Lord Peter Wimsey turned to the back page. The portrait of the victim did not detain him long; it was one of those characterless studio photographs which establish nothing except that the sitter has a tolerable set of features. He noted that Mr. Plant had been thin rather than fat, commercial in appearance rather than artistic, and that the photographer had chosen to show him serious rather than smiling. A picture of East Felpham beach, marked with a cross where the body was found, seemed to arouse in him rather more than a casual interest. He studied it intently for some time, making little surprised noises. There was no obvious reason why he should have been surprised, for the photograph bore out in every detail the deductions he had made in the train. There was the curved line of sand, with a long spur of rock stretching out behind it into deep water, and running back till it mingled with the short, dry turf. Nevertheless, he looked at it for several minutes with close attention, before folding the newspaper and hailing a taxi; and when he was in the taxi he unfolded the paper and looked at it again.
"Your lordship having been kind enough," said Inspector Winterbottom, emptying his glass rather too rapidly for true connoisseurship, "to suggest I should look you up in Town, I made bold to give you a call in passing. Thank you, I won't say no. Well, as you've seen in the papers by now, we found that car all right."

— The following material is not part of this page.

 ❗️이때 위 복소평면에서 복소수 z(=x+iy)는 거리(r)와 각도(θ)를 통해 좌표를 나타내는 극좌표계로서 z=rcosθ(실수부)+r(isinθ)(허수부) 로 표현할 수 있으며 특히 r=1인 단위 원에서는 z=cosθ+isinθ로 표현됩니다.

Wimsey expressed his gratification at this result.
"And very much obliged I was to your lordship for the hint," went on the Inspector generously, "not but what I wouldn't say but I should have come to the same conclusion myself, given a little more time. And, what's more, we're on the track of the man."
"I see he's supposed to be foreign-looking. Don't say he's going to turn out to be a Camorrist after all!"

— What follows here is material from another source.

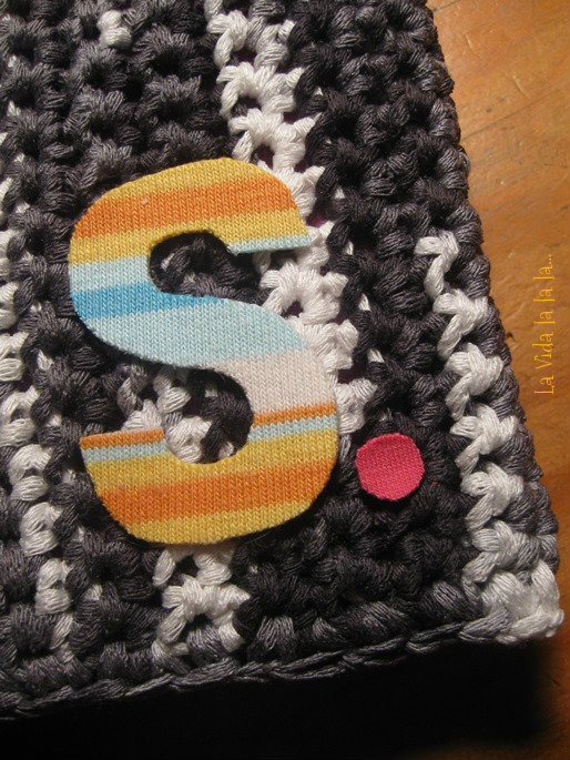 Detalle del resultado final, con apliques en tela y un cordón elastizado a modo de cierre.

"No, my lord." The Inspector winked. "Our friend in the corner had got his magazine stories a bit on the brain, if you ask me. And you were a bit out too, my lord, with your bicyclist idea."
"Was I? That's a blow."
"Well, my lord, these here theories sound all right, but half the time they're too fine-spun altogether. Go for the facts—that's our motto in the Force—facts and motive, and you won't go far wrong."
"Oh! you've discovered the motive, then?"